Introducing... RHex

Written 2011-04-05

Tags:Regular expression Programming Hex editor Editors 

What is RHex? Richard's Hexeditor - currently is a list of features I want in a hexeditor. Eventually, I would like to implement it, as it seems every hex editor is missing something I need. Currently I use hexedit and codewright as hexeditors. Here's what I want:
  • Side-by-side text and hex display (almost all editors have this)
  • text regex(most have this)
  • binary regex(some have this)
  • replace section with different size(few have this)
  • asynchronous editing(If I insert a byte into a 7 gig file, I don't want to wait for the rest of the file to be re-written)

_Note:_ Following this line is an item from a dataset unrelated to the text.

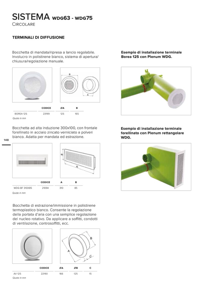 Bocchetta di mandata/ripresa a lancio regolabile.

  • libmagic support(none I know of do this, also I want a mode where each byte is a possible start of magic)
  • scriptable file decoder(If I'm editing a JPEG, I want some color highlighted text for different areas)

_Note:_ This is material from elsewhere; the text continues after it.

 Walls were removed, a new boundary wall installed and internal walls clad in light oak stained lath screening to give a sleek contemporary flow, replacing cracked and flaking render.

  • big file support( >4gig, but I'm not opposed to the 32 bit mode only supporting 2gig files or smaller)
  • variable sized groupings ( If I'm looking at a structure that consists of uint32s, I want the editor to reflect that), and...

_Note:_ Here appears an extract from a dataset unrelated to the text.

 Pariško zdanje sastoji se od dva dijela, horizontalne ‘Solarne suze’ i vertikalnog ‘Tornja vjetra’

  • offset groupings ( If I'm looking at a structure that consists of uint32s, but at an address not divisible by 4, I want the editor to reflect that )
  • reverse-endian groupings( If I'm looking at a structure that consists of uint32s, I want the ability to have the editor reverse the groups of bytes for user i/o)
To implement this, I'd like to design it as a library for file editing. This file would be responsible for memory management and either threading, asio, or nonblocking i/o. Hopefully this way you could make a gui or console version without too much work. However, the lowest level has a lot of bookkeeping to do to allow asynchronous editing. I might want two modes, a 'safe mode' where the editor is writing a new version of the file and a 'live mode' where the editor is actively editing the file directly, probably through mmap(). Either way, it has to manage outstanding changes so that the editor is always presented with whatever it wrote into the hex library, and the library is trying to get it synced to disk quickly.

Tough stuff, but manageable. If only I had time to write it.